Here is my idea. I am thinking about purchasing one of those counter top ice makers, and a small dc pump. I would drop a small heat exchanger or coil in the bottom of the icemaker and have antifreeze pumped from it to the coil in the air conditioning duct. The theory is that when the car is plugged in to 120V, it makes ice. Once you unplug and drive the ice is used for cooling and the DC pump circulates it to the air cond vent. Obviously, it will only work until the ice melts, but it seems like a good fit for an EV. I don't own one of these icemakers but my understanding is that once the ice melts, the water goes back into the water tank. My thinking is that I would adjust the drain so that the coil would always be soaking in ice water but at the right height the water would drain back into the water tank, thus it would be always recycling and not need to have water added.


These guys have something similar but I don't want to have to add ice everyday. Based on their claim for the amount of ice required versus the time their unit works, it would seem to me that a small icemaker would be sufficient for a 20 mile drive.

http://www.swampy.net/auto-air-conditioner.html

Thoughts?


----------



## TX_Dj (Jul 25, 2008)

I see a few issues with this:

1) automatic ice makers require a pressurized water supply connected so they can do their thing. Unless you've found one that makes ice from water poured into a resevoir.

2) the ice will begin to melt very quickly once the coolant loop starts passing thru the "tray", necessitating a large amount of ice depending on how hot it gets where you are

3) most ice makers that produce enough ice in 8 hours to fill the tray with enough ice to last you during a drive will be huge, heavy, and expensive. It takes a long time to make ice.

Great outside-the-box thinking.


----------



## jaspersk (Jun 26, 2008)

Most of the counter top ice makers do not require a water supply. They have a tank that you fill with water.

The makers of the swampy say that 20 lbs of ice is equivalent to a 5000-8000 btu air conditioner for 1 hour. Most of the portable ice makers store 2.5 lbs of ice. I suppose that means it would only be good for 10 minutes so you might have a point. I have considered a small freezer that would make a solid block of ice but I am not sure how to handle the expansion and contraction. I am sure it is possible but probably not with hobby skills. Maybe I could modify an icemaker to use a larger tank?

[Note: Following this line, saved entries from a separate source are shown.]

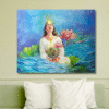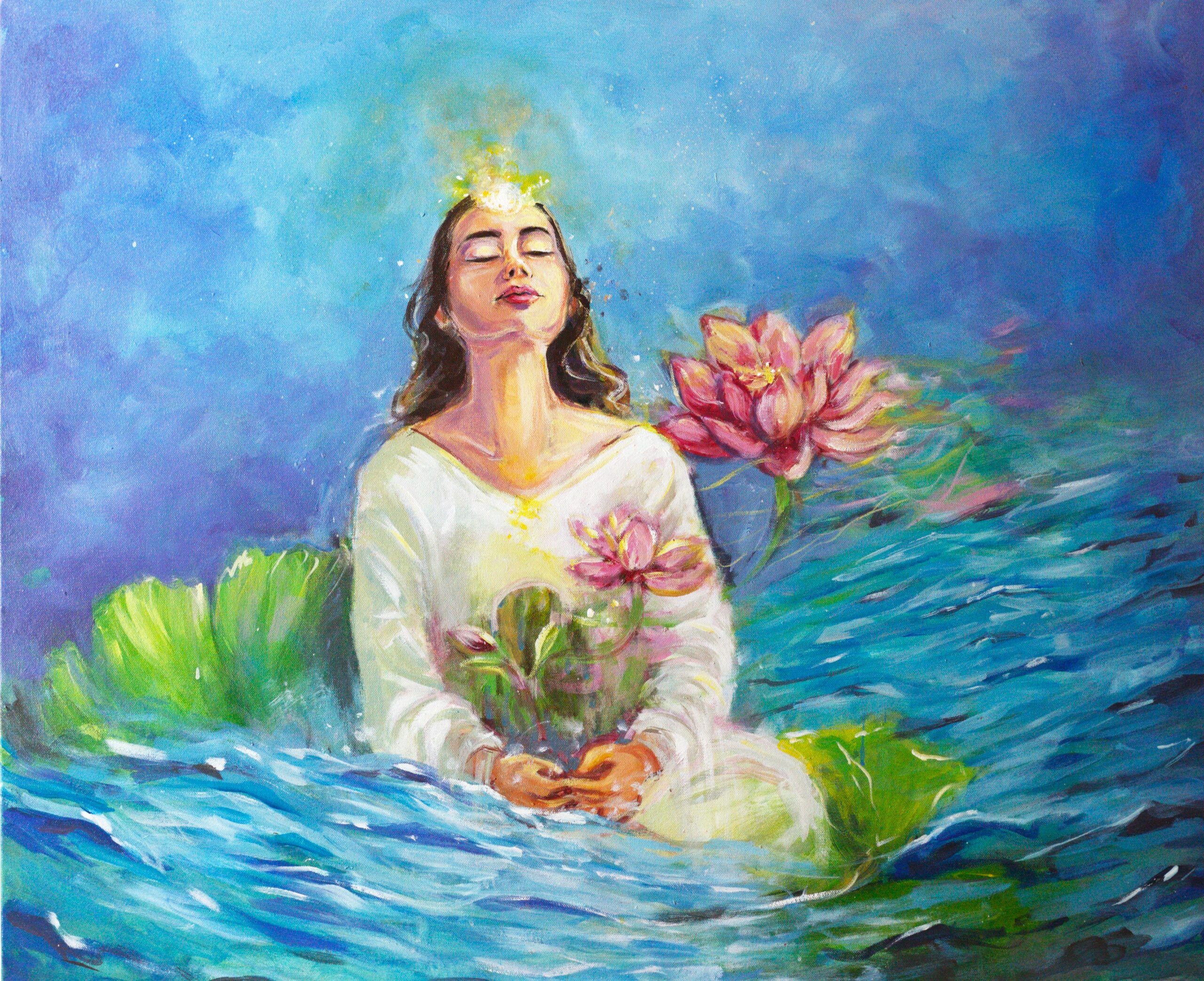 A woman sits in tranquil water, surrounded by fluid, organic textures. From her chest emerges a lotus, symbolizing purity and awakening, while soft light radiates from her head, capturing a moment of spiritual clarity and peace.
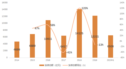 2020年上半年房企境內(nèi)外融資折合人民幣合計約為6506億,占比2019年全年融資規(guī)模53%。受海外疫情影響,4月全月無新增海外債券,對整體融資規(guī)模有一定影響,但境內(nèi)債市表現(xiàn)活躍,從而對沖海外債市的短暫低迷。
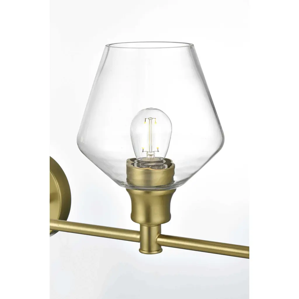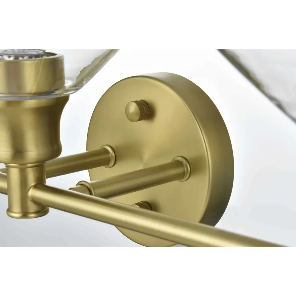 Enhance your living space with this versatile and modern wall sconce. Available in satin gold, chrome, black, and brass finishes, this fixture brings a touch of luxury to any room. The wall sconce features a pair of uniquely shaped, flared clear glass shades that deliver a beautiful, ambient glow, whether mounted upwards or downwards. Crafted from durable iron and glass, it combines strength with style, and the clean lines of the round backplate and horizontal arm create a contemporary aesthetic. Designed for hardwired installation, this fixture uses E26 standard sockets, allowing you to choose the ideal bulbs for your setting. This wall sconce is the perfect blend of form and function, ready to add a stylish and inviting touch to your home.
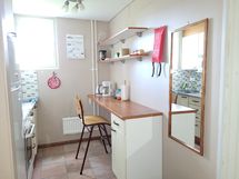 Keittiön varusteet: Jääkaappi ja liesi. Työtason materiaali: Puu.
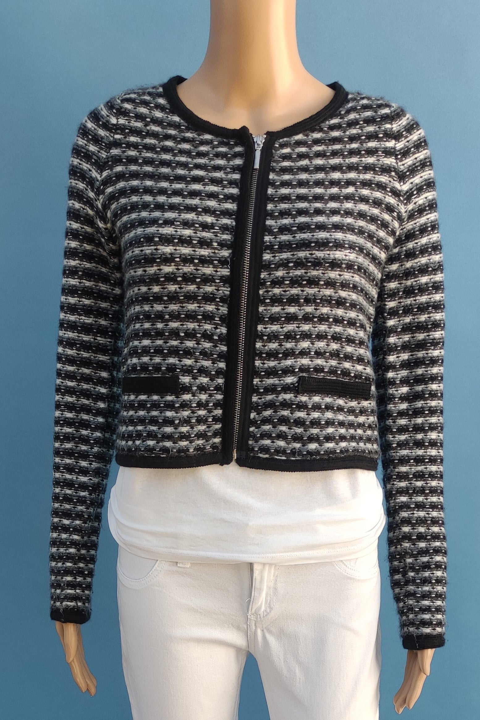 Style: kurzer Schnitt, Reißverschluss vorne, gestreift/meliertes Glitzeranteil Muster, 2 Dekotaschen vorne
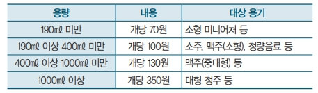 - 빈 용기 보증 대상 제품 : 주류(주세법 제5조 제1호. 제2호), 음료 및 먹는 물 중 반복 사용이 가능한 유리용기를 사용하는 제품으로 용기에 빈 용기 보증금의 환불 문구 및 재사용 표시가 있는 제품.
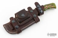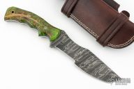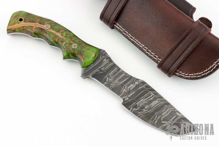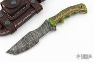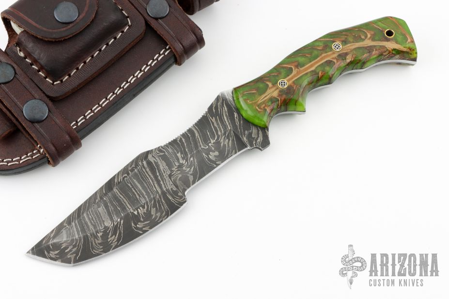 This knife by CFK Cutlery Company features a Damscus Multi-Ground tanto blade with .140" blade stock and 1.77" blade depth, full tang construction. The handle has acrylic scales, and fileworked tang spine. Comes with a brown leather sheath. Excellent condition.
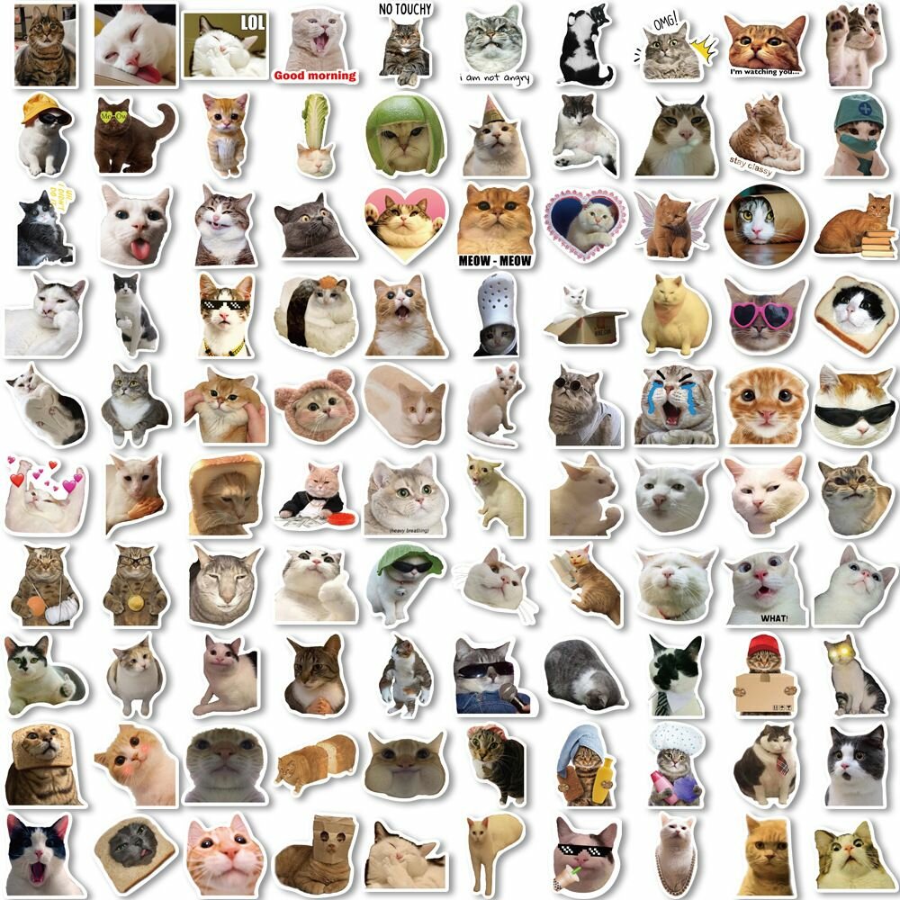 Купить Набор виниловых стикеров на ноутбук и телефон, наклейки мемы для украшений и творчества - Коты Мем - LOL - 100 шт

The portable ice makers claim them make ice in 7 minutes at a rate of 1 1/2 lbs/hour so I think it could do it.


----------



## O'Zeeke (Mar 9, 2008)

I made one of these http://www.instructables.com/id/Portable-12V-Air-Conditioner---Cheap-and-easy%21/ for about $50 and it works great. True, it is a pain to add ice but sure beats the heat and does not decrease my range


----------



## ww321q (Mar 28, 2008)

I was thinking about the same thing but using ice packs instead of ice . when you got to work just throw them in the freezer . J.W.


----------



## TX_Dj (Jul 25, 2008)

I wonder how much cooler it would run with salt water 

I don't think 52 degrees air output would do much but take the very edge off, climbing into a 130+ degree car in TX heat.


----------



## dtbaker (Jan 5, 2008)

how about just putting the coil in the back of the driver's seat and go for direct cooling of your back/seat? or, maybe stick it in the fan duct where lots of people insert the optional electric heater core?


----------



## xrotaryguy (Jul 26, 2007)

Do you have a link to the ice maker you are considering?

Using ice to cool an EV with a 30 mile range is an excellent idea. The specific heat of water is so stinking high that it would work very well. Also, the system does not take any energy from the battery pack other than to pump coolant through the heat exchangers and to blow air over one of them.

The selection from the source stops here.